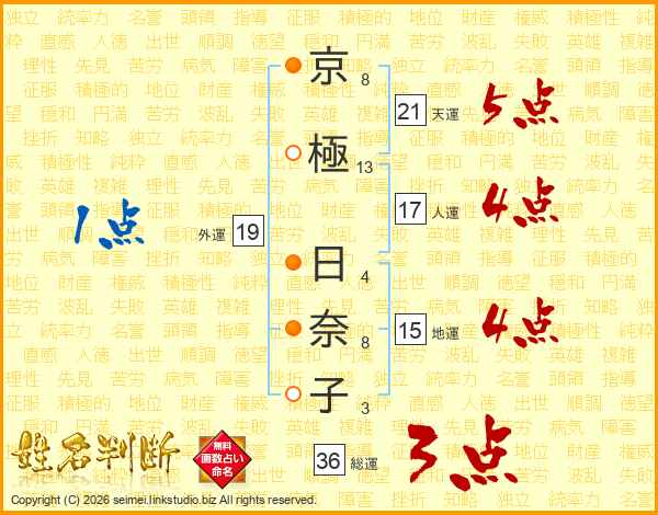 京(8画)極(13画) 日(4画)奈(8画)子(3画)
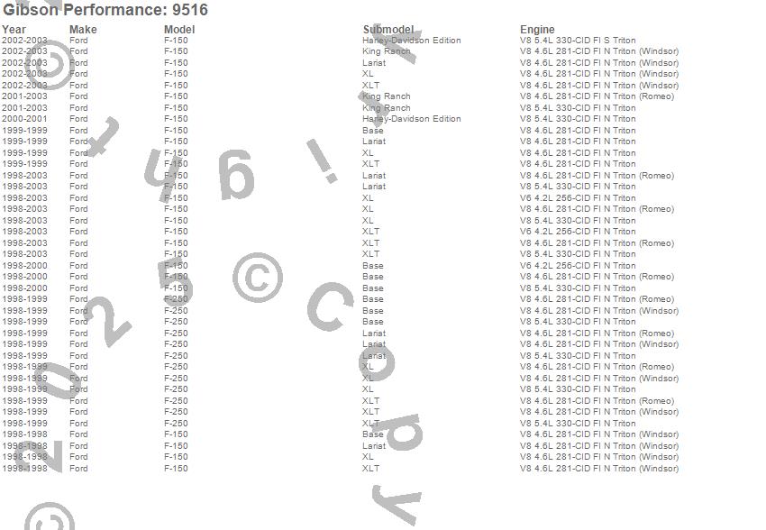 Below is an abreviated list of applications for the Cat Back Super Truck Exhaust.
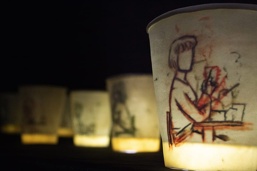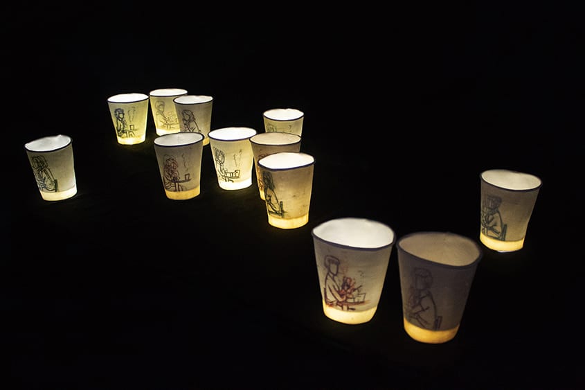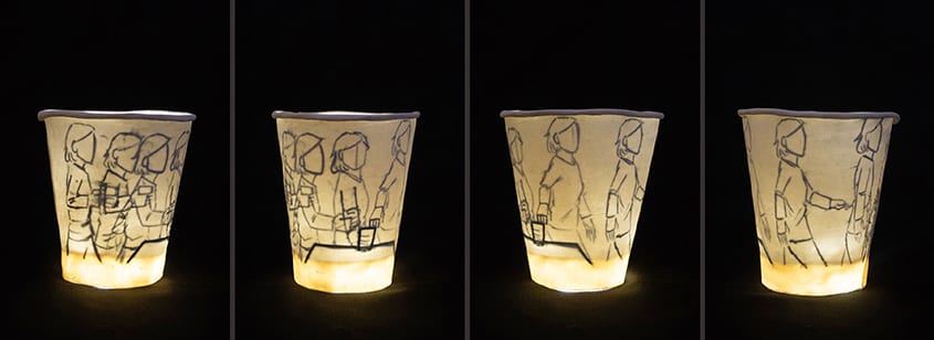 Contemporary and simple, paper canteen cups act as witness, absorbing human exchanges. Their transient nature echoes the transience of memory. Interactions with the cup become encased within it, but only until it is disposed of. My cups embody these memories and give them permanence, long after the original vessel is gone. The disposable cup gains new significance as a vessel, as preserver of precious memories, however mundane they may seem.
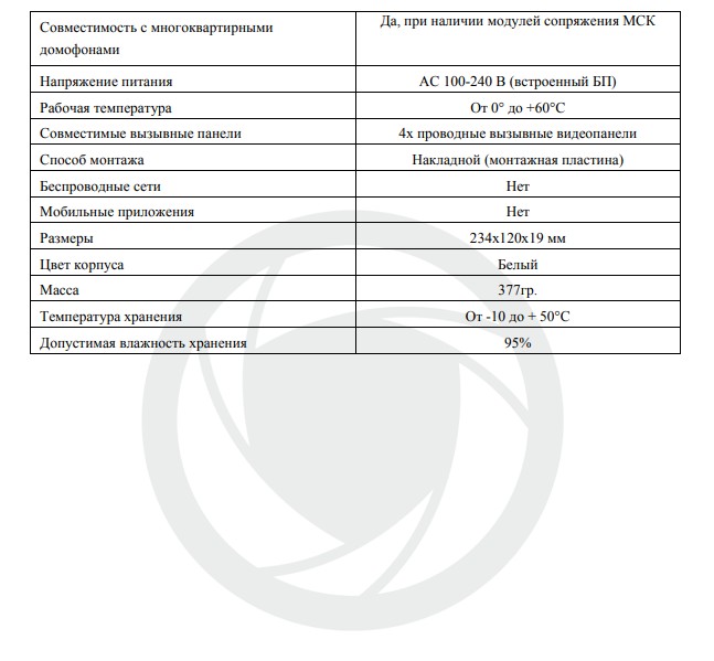 Совместимость с многоквартирными домофонами: Да, при наличии модулей сопряжения МСК
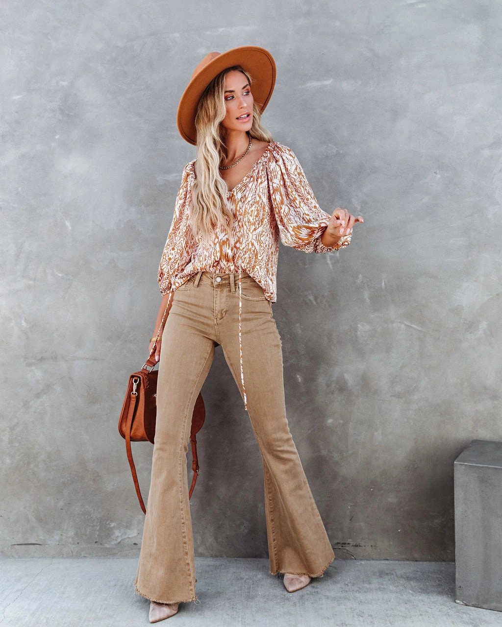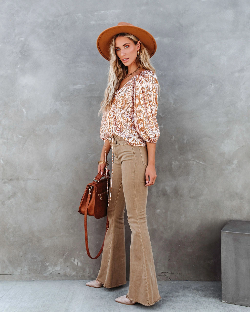 Go from work to drinks in the Wynonna Printed Lightweight Blouse in caramel that features an elastic neckline.
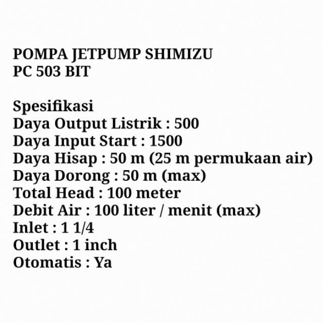 POMPA AIR JET PUMP SHIMIZU - PC 503 BIT - 500 WATT plus TABUNG 19LT
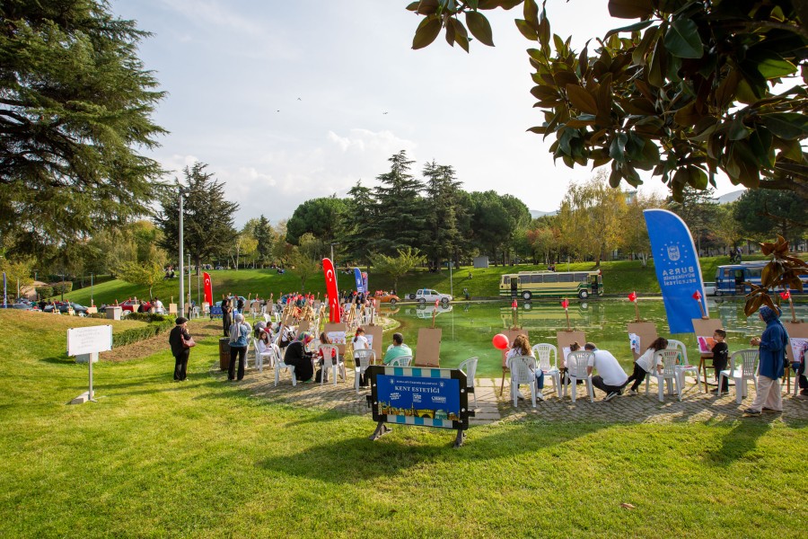Bursa Büyükşehir Belediyesi'nin Cumhuriyet'in 100'üncü yılı etkinlikleri kapsamında düzenlendiği açık hava resim yapma etkinliğine katılan yüzlerce çocuk, tuval başında hünerlerini gösterdi.
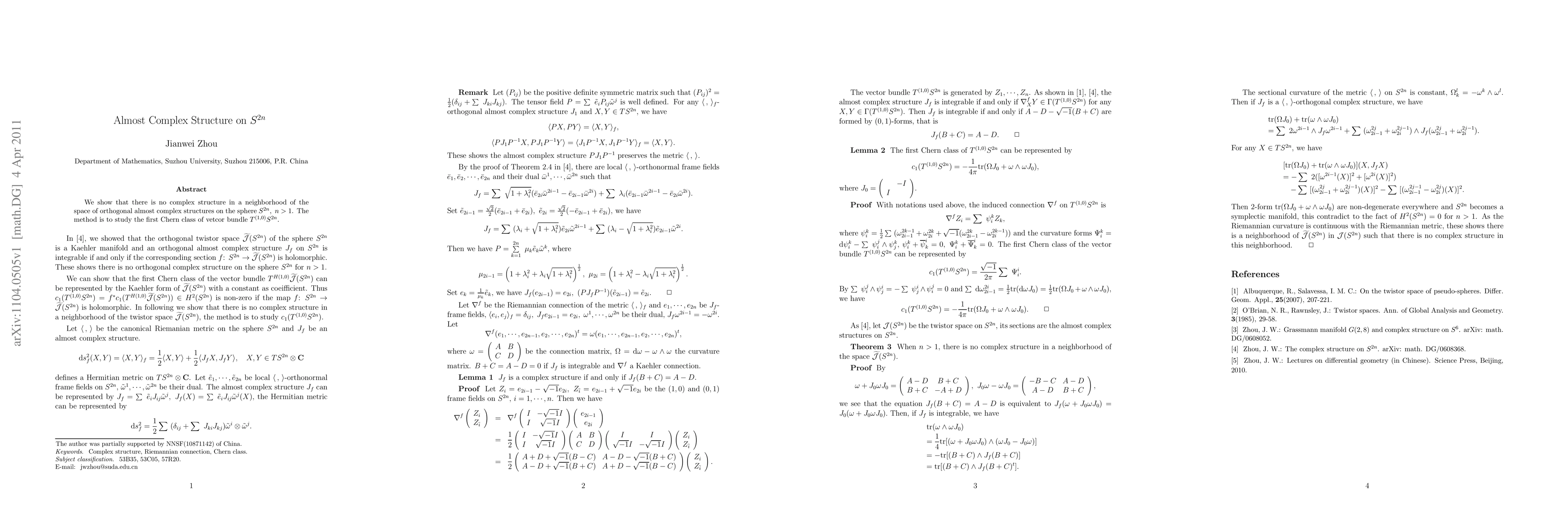 Research shows that there is no complex structure in a neighborhood of orthogonal almost complex structures on the sphere $S^{2n}$ for n > 1, indicating a fundamental limit on possible geometric configurations.
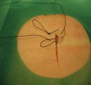 La Aguja entra por un borde de la herida, formando un ángulo de 90º con respecto a la piel.
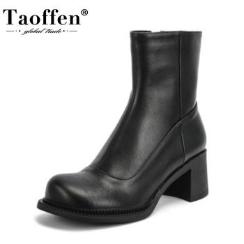TAOFFEN Genuine Leather Women Short Boots Fashion Zipper Thick Heel Shoes Woman Winter Office Lady Party Footwear Size 34-39
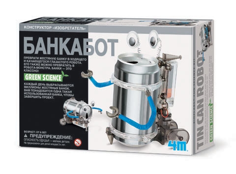 Каждый день в мире выбрасывается миллионы жестяных банок! Хотите помочь нашей планете стать чище? А в придачу сделать это в игровой форме и создать своими руками настоящего робота?! Тогда набор банкабот от бренда 4М, безусловно, для вас и ваших детей!
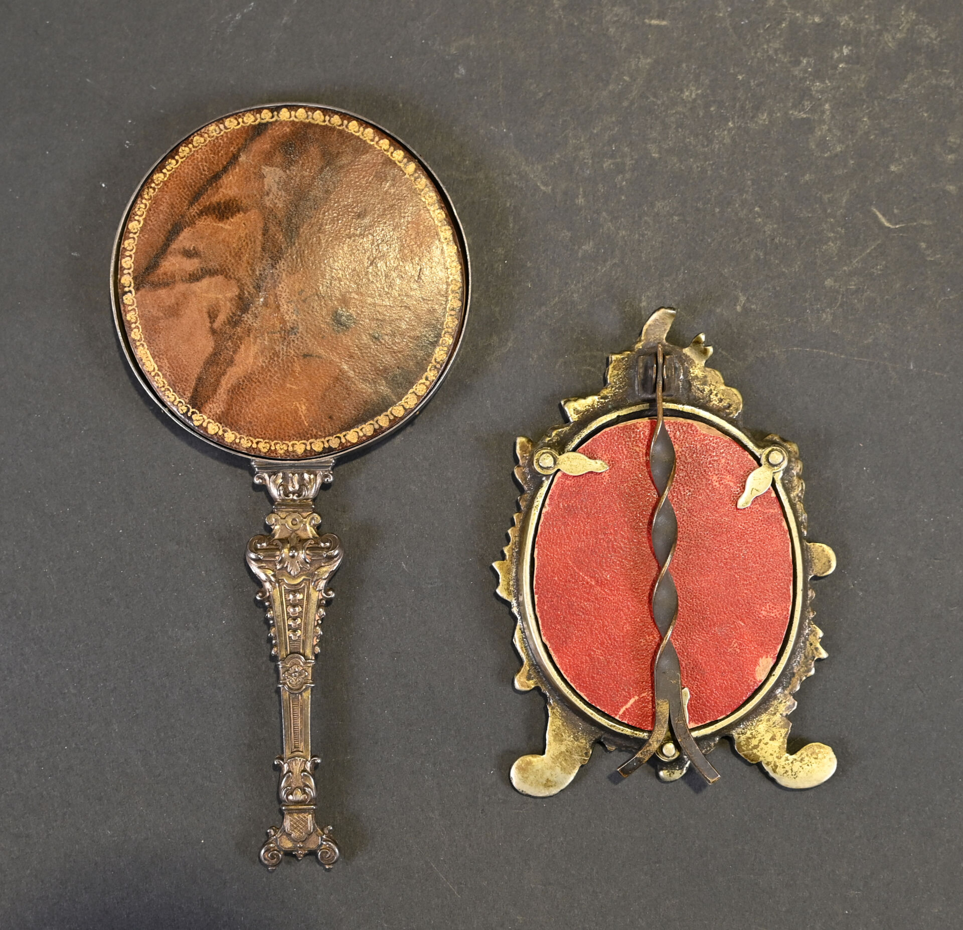Petit miroir face à main en argent 925/1000e. Le dos froncé de cuir doré aux petits fer. XIXe siècle. Haut. : 17 cm. Poids brut. : 64 g. On joint une miniature représentant un homme aux lunettes dans un cadre en métal.
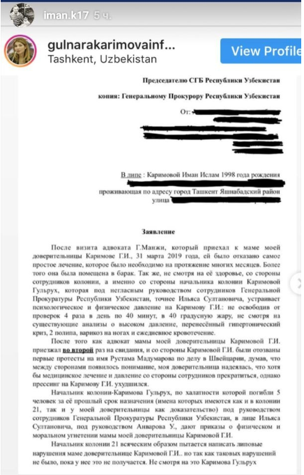 Дочь Гульнары Каримовой Иман опубликовала в Instagram заявление, написанное на имя главы Службы государственной безопасности (СГБ) и генерального прокурора Узбекистана. Об этом сообщает CA-NEWS, передает Tengrinews.kz.
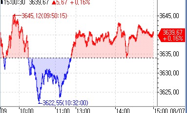 중국의 7월 수출이 시장 예상치를 웃돌았다는 소식이 지수에 상승압력을 가한 것으로 풀이된다.
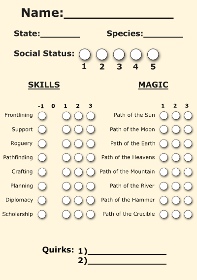 Once you have a concept, you will need to go through the following steps to mechanically represent your character. There is a summary and visual representation of a character sheet below.

AIM OF THE EXERCISE: Your copy should repeat each entry above exactly but contain no pictures.

TASK RESPONSE:
 京(8画)極(13画) 日(4画)奈(8画)子(3画)
 Below is an abreviated list of applications for the Cat Back Super Truck Exhaust.
 Contemporary and simple, paper canteen cups act as witness, absorbing human exchanges. Their transient nature echoes the transience of memory. Interactions with the cup become encased within it, but only until it is disposed of. My cups embody these memories and give them permanence, long after the original vessel is gone. The disposable cup gains new significance as a vessel, as preserver of precious memories, however mundane they may seem.
 Совместимость с многоквартирными домофонами: Да, при наличии модулей сопряжения МСК
 Go from work to drinks in the Wynonna Printed Lightweight Blouse in caramel that features an elastic neckline.
 POMPA AIR JET PUMP SHIMIZU - PC 503 BIT - 500 WATT plus TABUNG 19LT
Bursa Büyükşehir Belediyesi'nin Cumhuriyet'in 100'üncü yılı etkinlikleri kapsamında düzenlendiği açık hava resim yapma etkinliğine katılan yüzlerce çocuk, tuval başında hünerlerini gösterdi.
 Research shows that there is no complex structure in a neighborhood of orthogonal almost complex structures on the sphere $S^{2n}$ for n > 1, indicating a fundamental limit on possible geometric configurations.
 La Aguja entra por un borde de la herida, formando un ángulo de 90º con respecto a la piel.
TAOFFEN Genuine Leather Women Short Boots Fashion Zipper Thick Heel Shoes Woman Winter Office Lady Party Footwear Size 34-39
 Каждый день в мире выбрасывается миллионы жестяных банок! Хотите помочь нашей планете стать чище? А в придачу сделать это в игровой форме и создать своими руками настоящего робота?! Тогда набор банкабот от бренда 4М, безусловно, для вас и ваших детей!
Petit miroir face à main en argent 925/1000e. Le dos froncé de cuir doré aux petits fer. XIXe siècle. Haut. : 17 cm. Poids brut. : 64 g. On joint une miniature représentant un homme aux lunettes dans un cadre en métal.
 Дочь Гульнары Каримовой Иман опубликовала в Instagram заявление, написанное на имя главы Службы государственной безопасности (СГБ) и генерального прокурора Узбекистана. Об этом сообщает CA-NEWS, передает Tengrinews.kz.
 중국의 7월 수출이 시장 예상치를 웃돌았다는 소식이 지수에 상승압력을 가한 것으로 풀이된다.
 Once you have a concept, you will need to go through the following steps to mechanically represent your character. There is a summary and visual representation of a character sheet below.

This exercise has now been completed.